Later next year, when Lisa is sentenced to a mandatory life sentence, to be served in a California women’s penitentiary, her wooziness comes naturally (drug free) as it does when a person faints while being nailed to a cross or tied to a wheel to be broken and dismembered and buried alive by pharaohs and queens or modern s
ystems working efficiently.
Jane finds Mickey still living in his tree house. She visits awhile. Mostly painful silence.
He passes the bag of Cajun Tacos to her, and her long fingers squirm happily inside the noisy bag.
He watches her a minute while she isn’t looking at him. “So your mother . . .” He jiggles his foot.
“What about her?”
“Jail . . . what’s it like? Does she say, how . . . how bad it is?” He jiggles his foot faster.
“Well, she gets to wear a very pretty orange thing.” Now she laughs and covers her face. Dark eyes peer out between her long golden fingers, her forehead wrinkled. “Actually, it’s hideous . . . orange and hideous.”
“What’s her cell like, small?”
“I don’t know.”
He watches his own foot, tries to stop the jiggling. He says in a husky way, “Some people never get out.”
Jane’s hands drop to her lap on top of the crinkly bag. She frowns. “In Boston, you get fed’ral trials. It’s in California, the prison, maybe.” Jane’s eyes flutter, the frown deepening, throat swallowing. “The judge needs a bashed brain. Like under a truck, I hope.” Then she gives him a narrow squinty look. “You are very curious about jail.”
“Yeah, people I know are there.” He does not say Rex. Nobody here at the Settlement speaks the name since what happened happened.
Still frowning and yet another hard swallow. “She’s probably wearing the awful orange thing.”
“He.”
“Oh. Maybe he likes orange.”
“I doubt it.”
Rex in jail.
They come to his cell in a matter-of-fact way and take him to the visiting room. His lawyer is there, smelling like a car interior and fresh air, both alien smells now. The lawyer tells Rex things Rex cannot believe, and boy, this lawyer is unusually wound. Talking fast. Almost a squeak to his voice. Almost a giggle.

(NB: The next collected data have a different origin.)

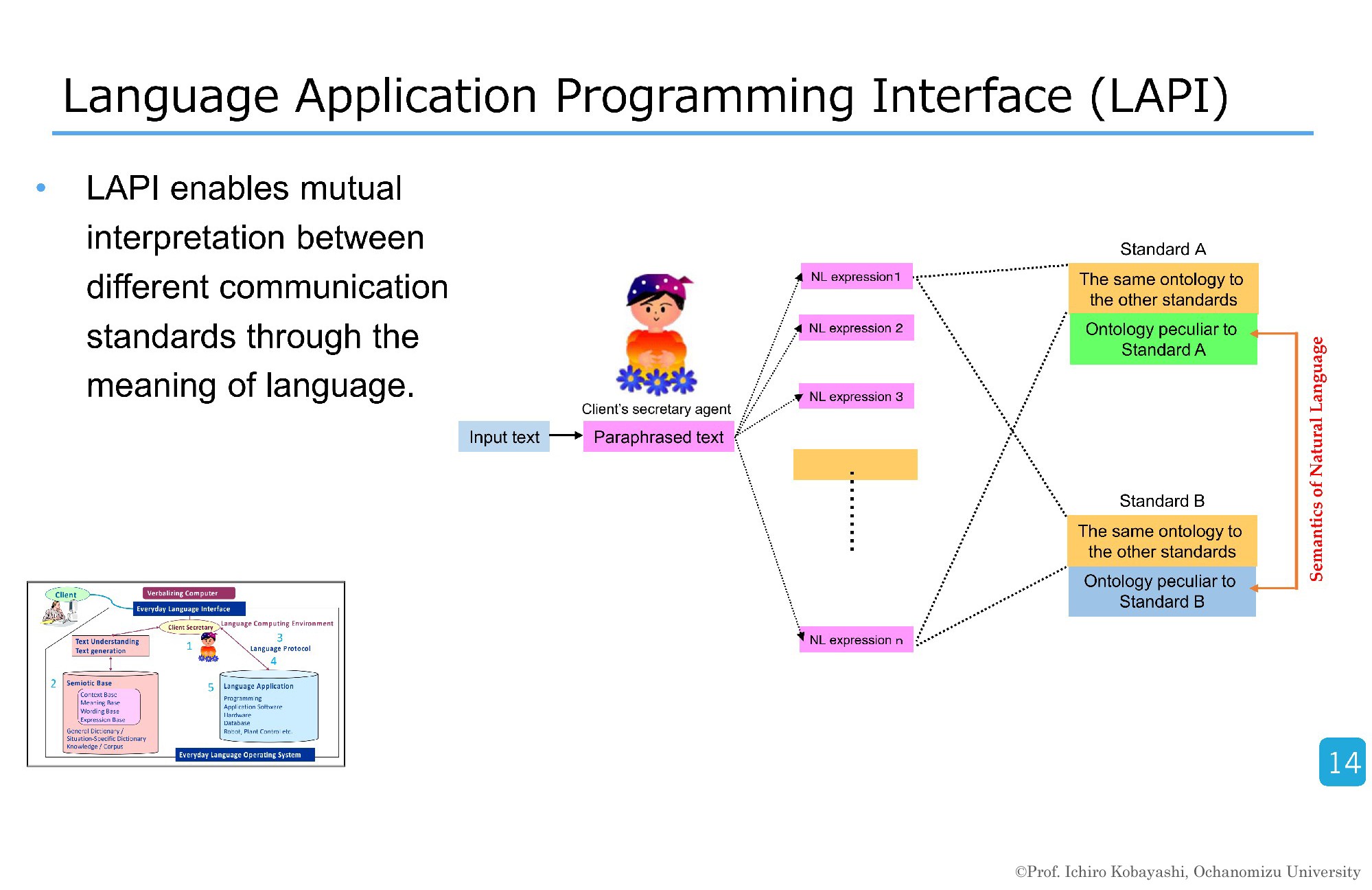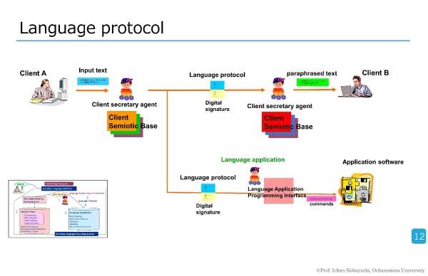 Language protocol enables a style of communication that relies on the recipient's interpretation of his or her statements. Statement, that is, input text is transformed into language protocol and it is interpreted by the Client B's secretary agent so that Client B can easily understands Client A's statements. As well as communication between humans, language protocol enables communication between human and application software or between application software. By changing all protocols into languages, communication can be established under the flexible semantic interpretation that languages have.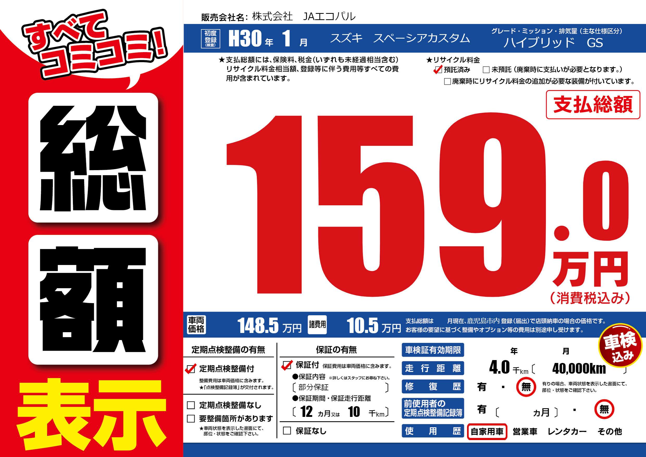 | 定期点検整備 | 定期点検整備あり | ||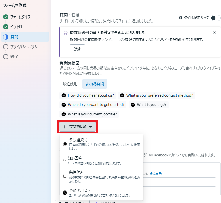 「+質問を追加」を選択し、質問形式を選びます。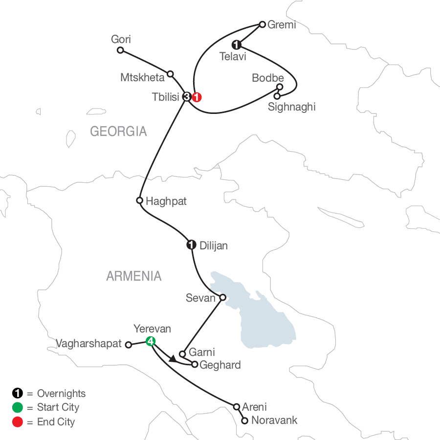 Discover fascinating history and spectacular sights of Yerevan, Armenia, with exciting excursions to the ancient citadels, cathedrals, and cities to learn about the vast history, culture, and traditions of this extraordinary country of kings, queens, and conquests through time. Revel in beautiful customs and cuisine throughout your travels—from local wines made with generations of tradition to lavish cathedrals still standing as sentinels of faith, to welcoming people who invite you into their homes for the pleasures of life in this beautiful part of the world. Your Small Group Discovery tour continues to Georgia to discover even more beauty and boundless historical treasures. Here, the history of dreamers and dictators; poets and artists; winemakers and warriors, and the ever-faithful religious legends come to life amid natural wonders and ancient cobblestoned lanes. An adventure in beauty and bold history awaits with up-close experiences on this Small Group Discovery tour!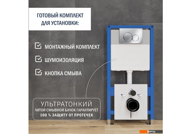 | Информация | - Инсталляция Lauter — товар европейского качества. - Рама инсталляция выполнена из стали и покрыта специальной краской для защиты от коррозии. - При помощи регулируемых ножек можно менять высоту расположения сантехники, подстраивая её под габариты помещения. - Бачок, входящий в состав инсталляции, полностью изолирован, что предотвращает образование конденсата на стенках. - Для простоты обслуживания, доступ к коммуникациям осуществляется через ревизионное отверстие клавиши. - Кнопка инсталляции — это инструмент, с помощью которого сливается вода из скрытого бачка подвесного унитаза. - Существует несколько видов, отличие которых заключается в разности механизмов, наборе функций и цене. - Панель Lauter олицетворяет ненавязчивую и безотказную работу, несравненное удобство и долговечность. - Механическое управление самый применяемый, недорогой и простой вариант – срабатывает от простого нажатия кнопки. - Кнопка смыва Lauter оснащена двумя кнопками, это позволяет пользователю выбирать, какой объем воды будет сливаться, что оптимизирует коммунальные расходы. - Клавиша Lauter выполнена из высококачественного пластика. - Благодаря специальному покрытию на кнопке не остаются следы пальцев. |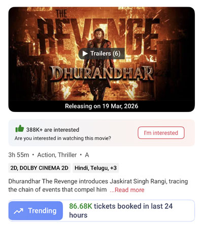 The most awaited trailer of Dhurandhar: The Revenge was released yesterday, and the premiere ticket sales opened across the nation simultaneously. Given the massive expectations surrounding the Ranveer Singh starrer, the response has been phenomenal.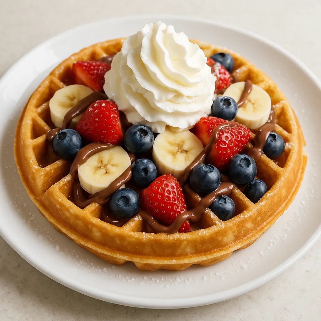 A crispy waffle topped with a dollop of fresh whipped cream, a dusting of powdered sugar, and your choice of delightful sauce.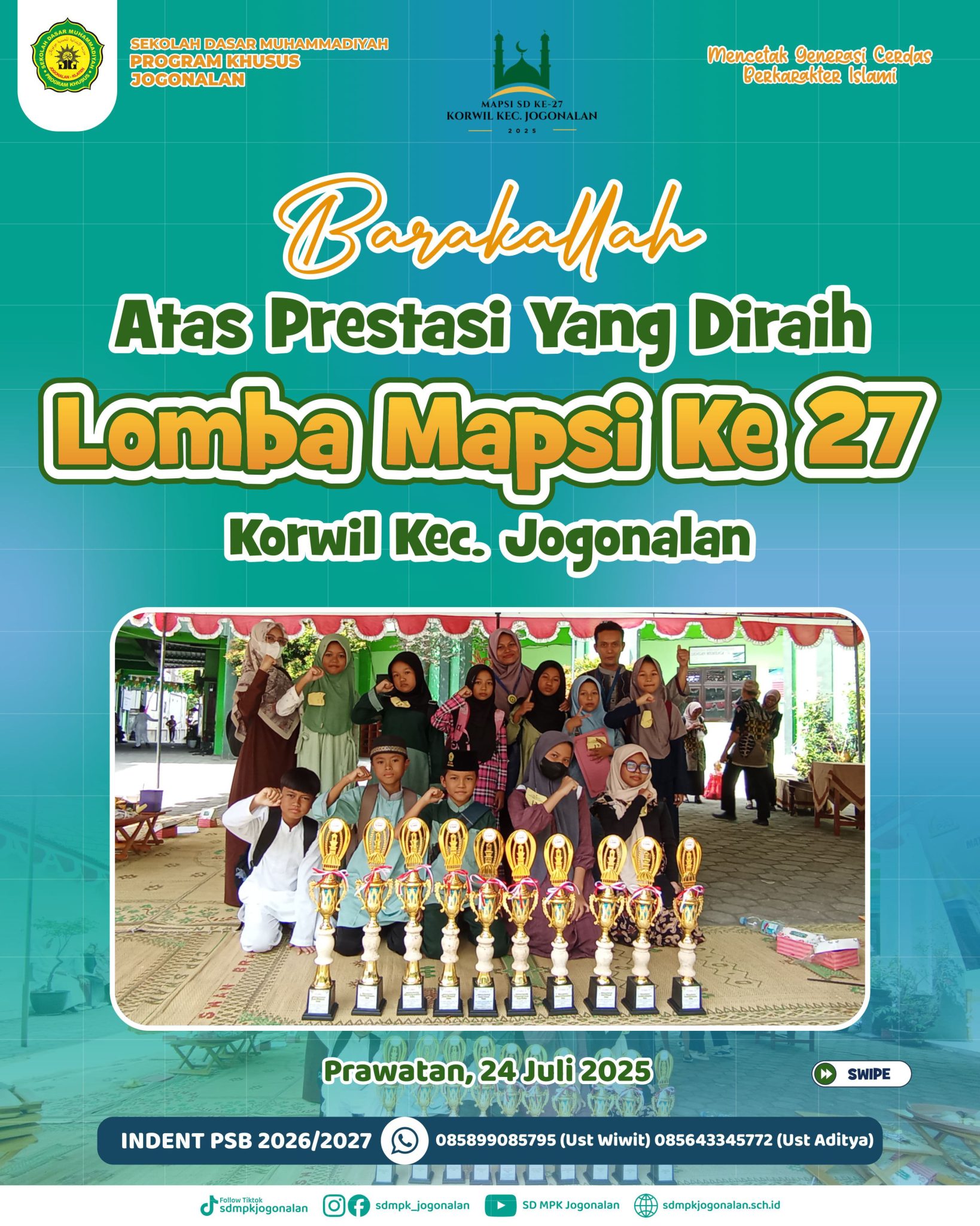 Alhamdulillah, pada hari Jum’at, 19 September 2025, SD MPK Jogonalan berkesempatan menerima tamu dari PPM MBS Yogyakarta. Kunjungan ini bertujuan untuk melaksanakan sosialisasi Penerimaan Santri Baru (PSB) PPM MBS Yogyakarta kepada para santri SD MPK Jogonalan. Dalam kesempatan ini, tim dari PPM MBS Yogyakarta menyampaikan informasi terkait profil sekolah, program pendidikan, serta tahapan pendaftaran calon santri baru. Harapannya, kegiatan ini dapat memberikan wawasan dan gambaran yang jelas bagi santri dalam menentukan jenjang pendidikan mereka di masa depan. Semoga kerja sama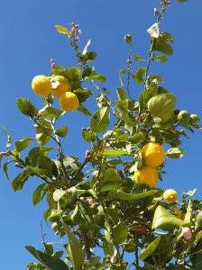 Citrusok. Még rajta van a termés, de már tombolva virágzik és illatozik. Erős, felnőtt fák, életük, erejük teljében.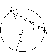 22、一半径为R的光滑圆环固定在竖直平面内,环上套两个中央有孔的小球A和B,A、B间由质量不计的原长为R的细弹簧连接着,它们处于如图中的位置时恰好都能保持静止状态,此时B球与环中心O处于同一水平面上,AB与水平线成30°夹角。已知B球的质量为m,求A球的质量和弹簧的劲度系数。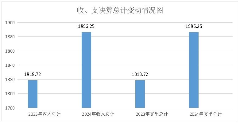 2024年度收、支总计均为1886.25万元。与2024年度相比,收、支总计各增加67.53万元,增长3.71%。主要变动原因是本年度人员变化、年终绩效考核经费、增资、调资等费用增加。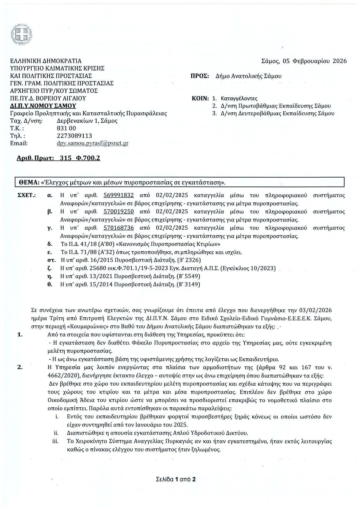 Αποκάλυψη in – Επίσημο έγγραφο επιβεβαιώνει ότι το κτήριο που στεγάζει το ειδικό σχολείο Σάμου δεν διαθέτει σύστημα πυρασφάλειας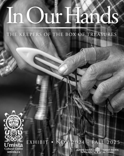 “I met Stella in grease camp [where we catch eulachon fish to make fish oil]. Stella was there with her grandparents. The old lady and the old man taught us how to do build the nets. They taught us in our language [Kwak̕wala] but if we stepped over the lines, they would bawl us out in English. You know how it is. You're taught to do it one way. Then you go do it your own way. [laughter]” Detail: Stevie Beans Gig̱a̱me' Kwa̱nxwalas ʼNa̱mǥis • Mama̱liliḵa̱la Stevie & Stella’s portrait in “In Our Hands: The Keepers of the Box of Treasures” speaks to learning, laughter, and the blending of tradition with lived experience. Their story, like so many in this exhibit, reminds us that teachings live not only in books or ceremony — but in the everyday moments and memories we carry. Exhibit: In Our Hands: The Keepers of the Box of Treasures 📍 U’mista Cultural Centre 🗓 On now through Fall 2025 U’mista Cultural Centre #1 Front Street, Alert Bay, BC Open Mon-Fri 9-5:00 For Centre hours and admission rates: https://www.umista.ca/pages/contact G̱ilakas’la Canada Council for the Arts for their support of this project. . . . #InOurHands #BoxOfTreasures #GreaseCampStories #Kwakwa̱ka̱wakwCulture #Umista (fb)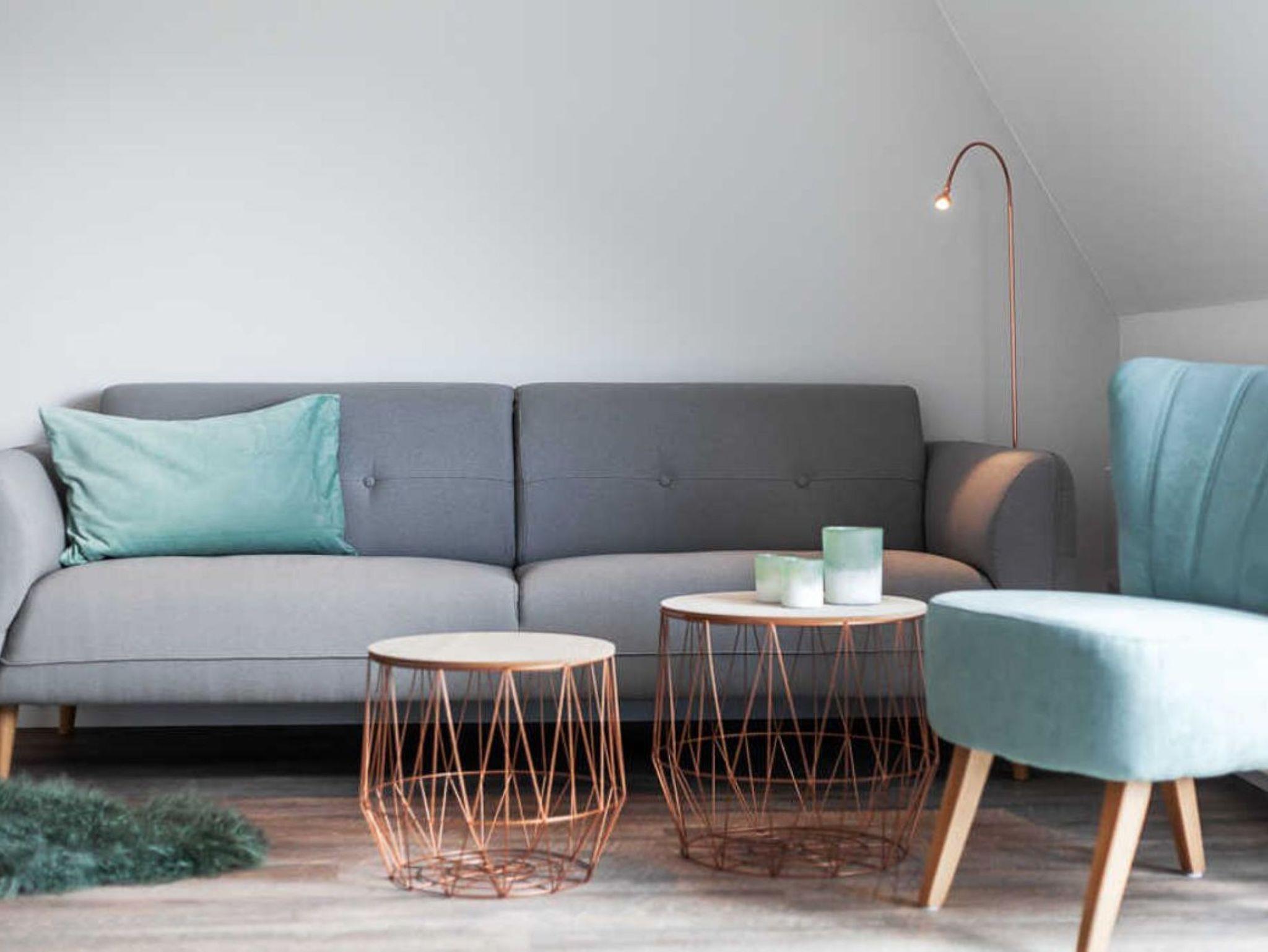 Wohnzimmer mit Couch, Esstisch, Küchenzeile, Kabel-TV, Radio und passwortgeschütztes WLan
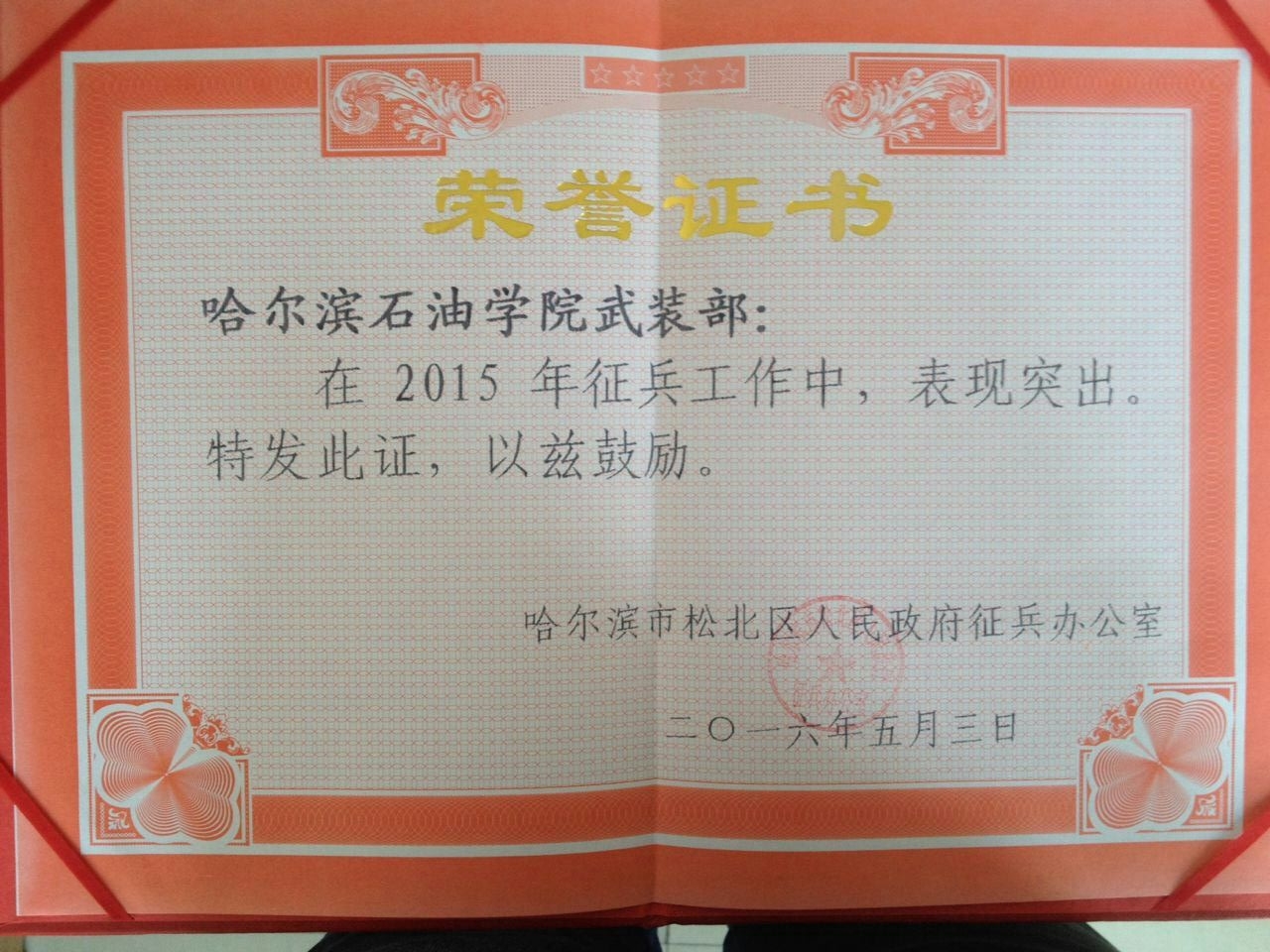 2016年5月5日,哈尔滨市松北区人民武装部召开2015年征兵工作总结表彰大会及2016年征兵工作部署动员会。会上分别由松北区副区长、松北区人武部部长及政委做重要指示。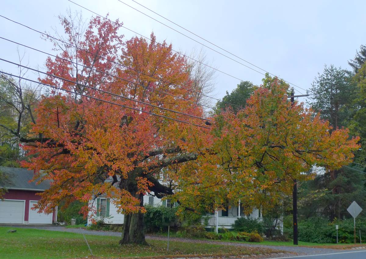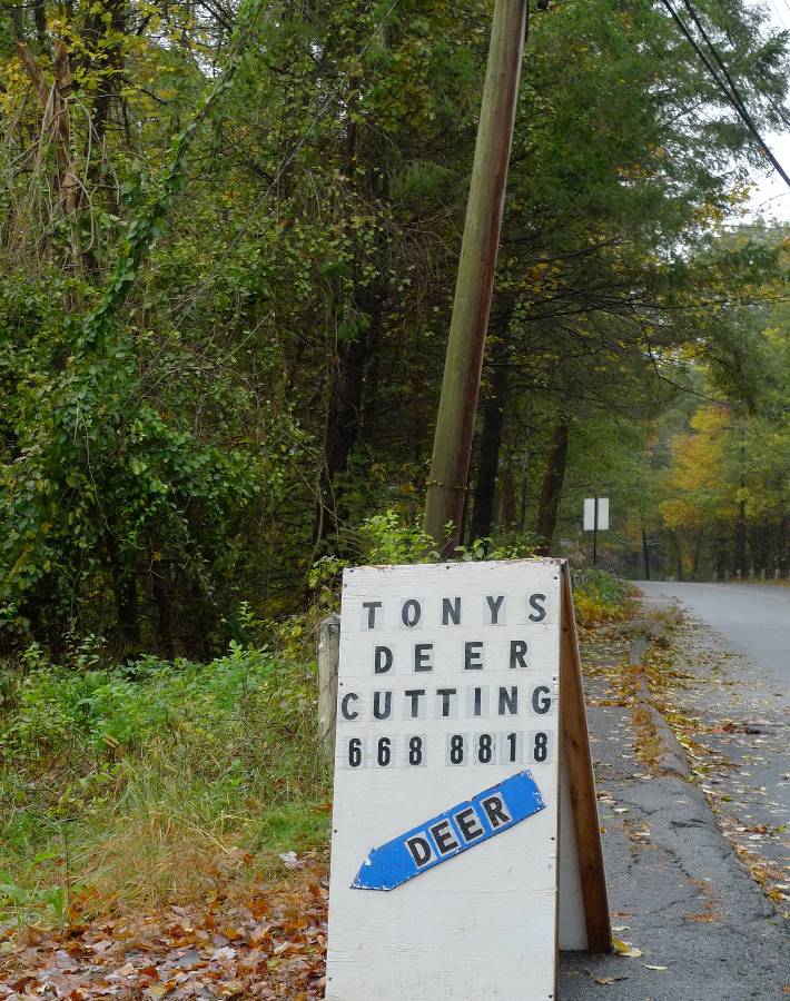 Here’s my favorite sign from Western Massachusetts–a little free publicity for Tony, in case any of you have some fresh deer to slaughter. Along with a taste of that great fall color–I love how this tree has been sculpted around the wires:

Maybe he is as stunned as Rex is by this turn of events. How forgiving, this Guillaume St. Onge. Broken, mutilated, forgiving.
Ruth York.
He is telling her to please come get him. Everything is dropped. His mother can hear him over the telephone, swallowing, grave as ever.
Rex free.
In the rain, he waits. He lets the rain wash through his hair and over his face and heavy mustache, down his collar. His mother will arrive driving his truck, so he watches the street down there for the color red. Where the parking lot, court, and jail are it is high, like a battle position. Town of South Paris, Maine. The county seat. Cars passing. People like ants, shortsighted in their routines, breathless with their burdens, blinded by rain. Big sky. Big rainy white sky.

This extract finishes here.